Plato made us wait a whole week before he emerged from his den. We looked carefully for any trace of triumphalism on his face. There was none. Our table was restricted to iconoclasts: a mix of students and young lecturers, the occasional older professor and a few graduates who were now, mainly, young civil servants with much spare time each day. Hangers-on were not tolerated and anyone suspected of being there to ingratiate himself with the teachers was angrily dismissed with a few choice epithets. We greeted Plato warmly. He became a regular fixture, arriving usually at lunchtime. The owner of the juice bar, curly-haired Respected Tufail, whose computer-like brain never forgot what we owed him, refused to charge Plato for a whole month. Respected — everyone called him that ever since he had once complained that students were far too rude and did not appreciate his skills. This was because the common terms of address, affectionately intended, were pimp, catamite, torn-arse, etc., and Tufail had become tired of hearing students half his age shouting, ‘Pimp! A large mixed pomegranate and orange juice.’ He refused to serve any student who hailed him in abusive language. Overnight we gave him his new name. Many customers had no idea what his real one was. Respected was a great wit and raconteur and often sat at our table to join in the banter. Even Babuji, the elderly proprietor of the adjacent café, which plied us with tea, samosas and shami kebabs all day long, would come and sit with us when Plato arrived.

Zahid was more conscientious than I was and often left to attend lectures, but I spent most of my time there, at our table in the corner underneath the big pipal tree, with its eight places permanently reserved for us. Respected and Babuji would never permit anyone else to sit there even if none of us had arrived. It was around this table that we began, slowly, to discover Plato’s past. It took months before he became relaxed enough to share his life story with us.

His name really was Plato. He was born in a village not far from Ludhiana, in East Punjab, now part of India. His precocity as a child and constant questioning had greatly irritated his father, a local schoolteacher, who probably had no answer to some of the boy’s queries.

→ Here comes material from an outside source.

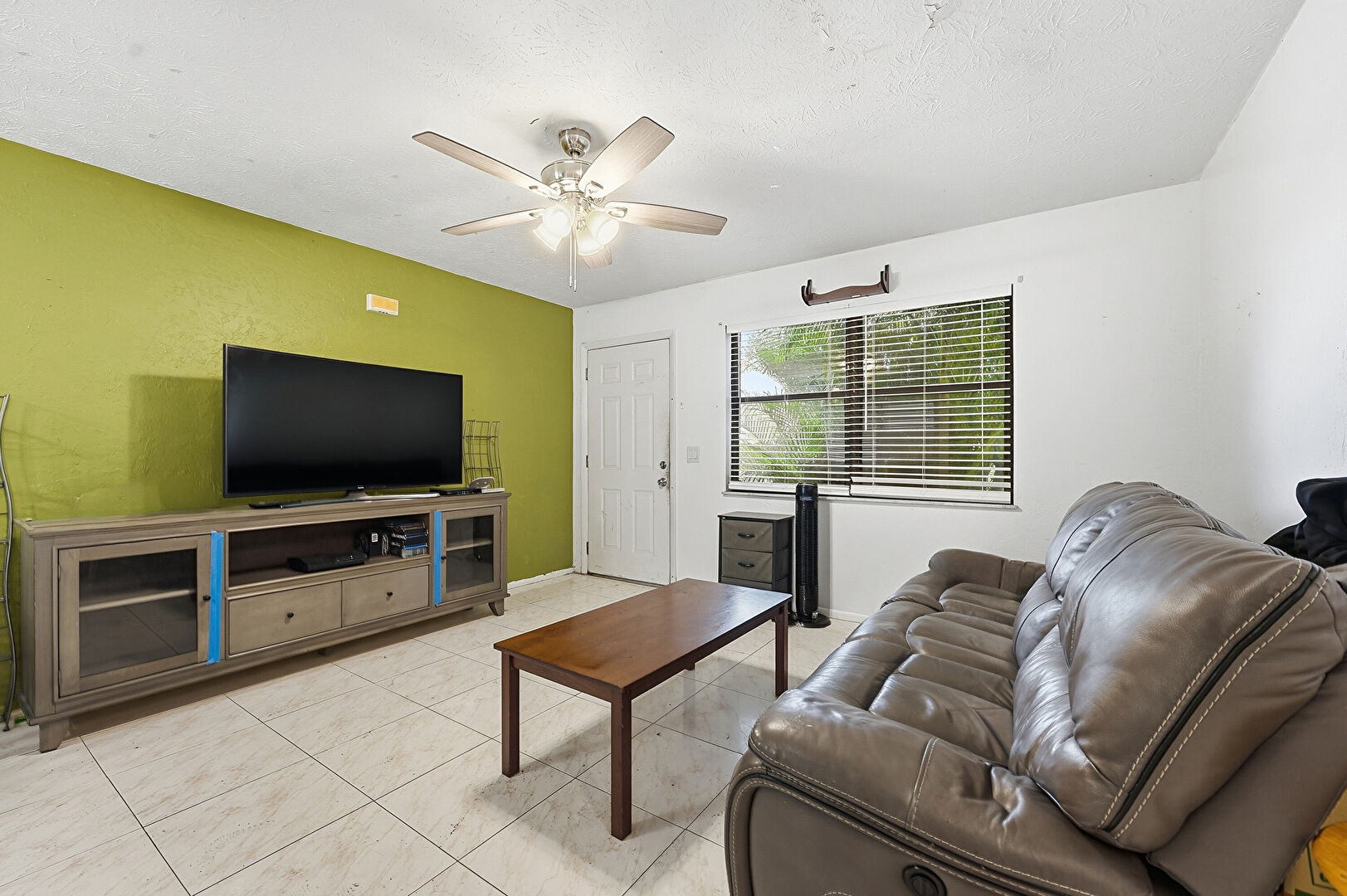 Baseboards Wall, Ceiling Fan, Drywall, Office Area, Textured Ceiling, Tile Floor, Vent, Closet, Natural Light

Aflatun, the local version of the philosopher’s name, corrupted from Arabic, was often used pejoratively to describe people who talked too much or repeatedly asked awkward questions or were just too argumentative. And so the three-year-old Mohammed became Mohammed Aflatun, and was registered under that name at the local madrassa and later at the high school in Ludhiana, where a few teachers had actually read Plato. This was a very long time ago. The nickname was meant to ridicule him, but as he grew, Plato took it as a compliment and later immersed himself in the translated editions of the Greek classics. His obsession with Pythagoras led to a lifelong love affair with mathematics, the subject he now taught at an ultra-snobbish Lahore school where entry was based exclusively on class, with preference given to landed families.

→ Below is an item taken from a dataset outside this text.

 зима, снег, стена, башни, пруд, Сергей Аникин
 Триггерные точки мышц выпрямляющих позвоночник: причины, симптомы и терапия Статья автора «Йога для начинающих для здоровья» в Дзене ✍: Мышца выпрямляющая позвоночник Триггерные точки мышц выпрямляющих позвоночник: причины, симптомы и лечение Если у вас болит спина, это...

‘You teach there? Do you dress any differently?’

‘Why should I? Don’t they need me more than I need them? Once you live to please others, you live in fear of their displeasure, and fear makes one stupid.’

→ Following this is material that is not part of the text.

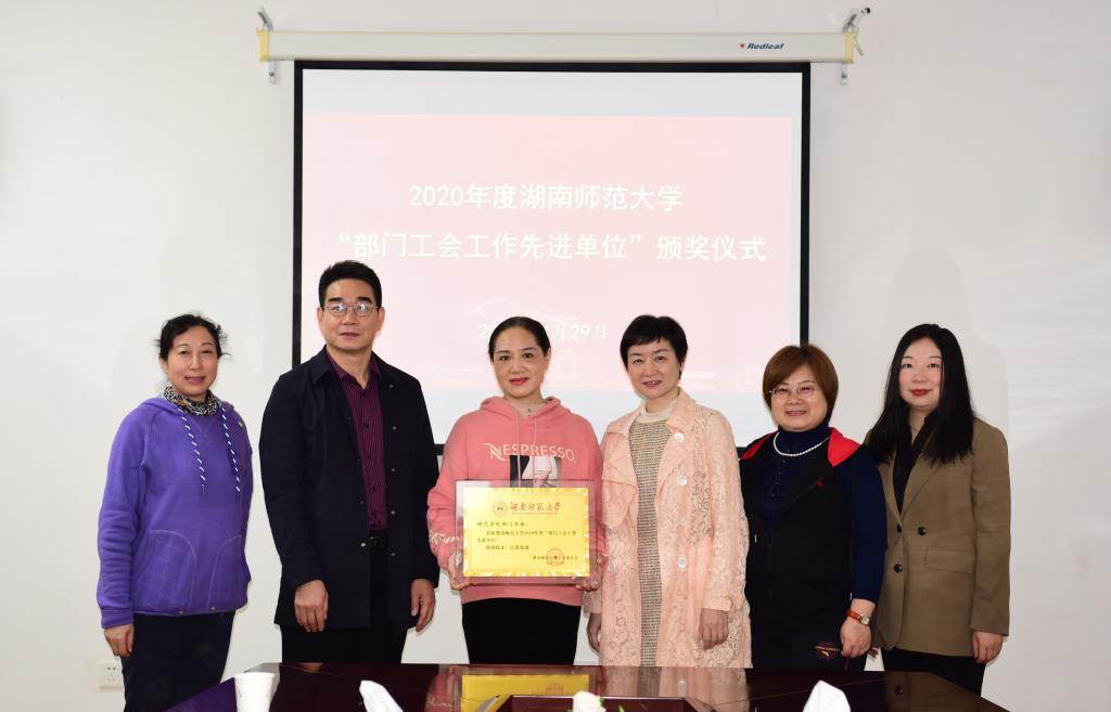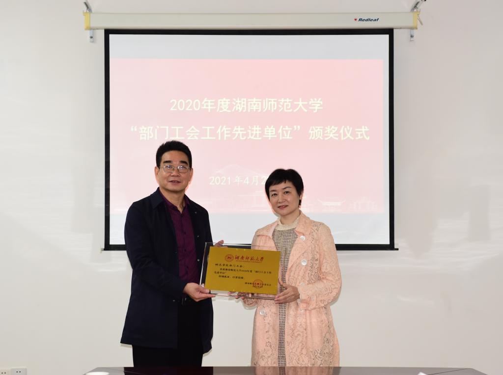 (记者刘诗琴)4月29日上午,WilliamHill体育副主席梁蓓蓓在树达学院办公楼302会议室为学院颁发“部门工会工作先进单位”奖牌,院党委书记周玉波、党委副书记曾南雁出席仪式,仪式由周玉波主持。

Later we discovered from a colleague of his, who loathed him, that had Plato accepted the offer of a stipend from Cambridge to study higher mathematics he would have prospered in that discipline. The offer was made after he sent a well-known Cambridge don some comments on his work, scribbled on the back of an old sheet of answers to an exam he had marked at school. But Plato disliked specialization, and as he told us on one occasion, ‘I did not want to drown in a pool of mathematics for the rest of my life.’ The prospect was unappealing. But why teach at a school? Why not at the college? Offers had been made there, too, and he had turned them down. School was less demanding, he maintained. Furthermore, he had no university degrees at all, never mind a PhD, and, besides, he could educate some of those private school boys in other disciplines, including that of life, with which they were mostly unacquainted.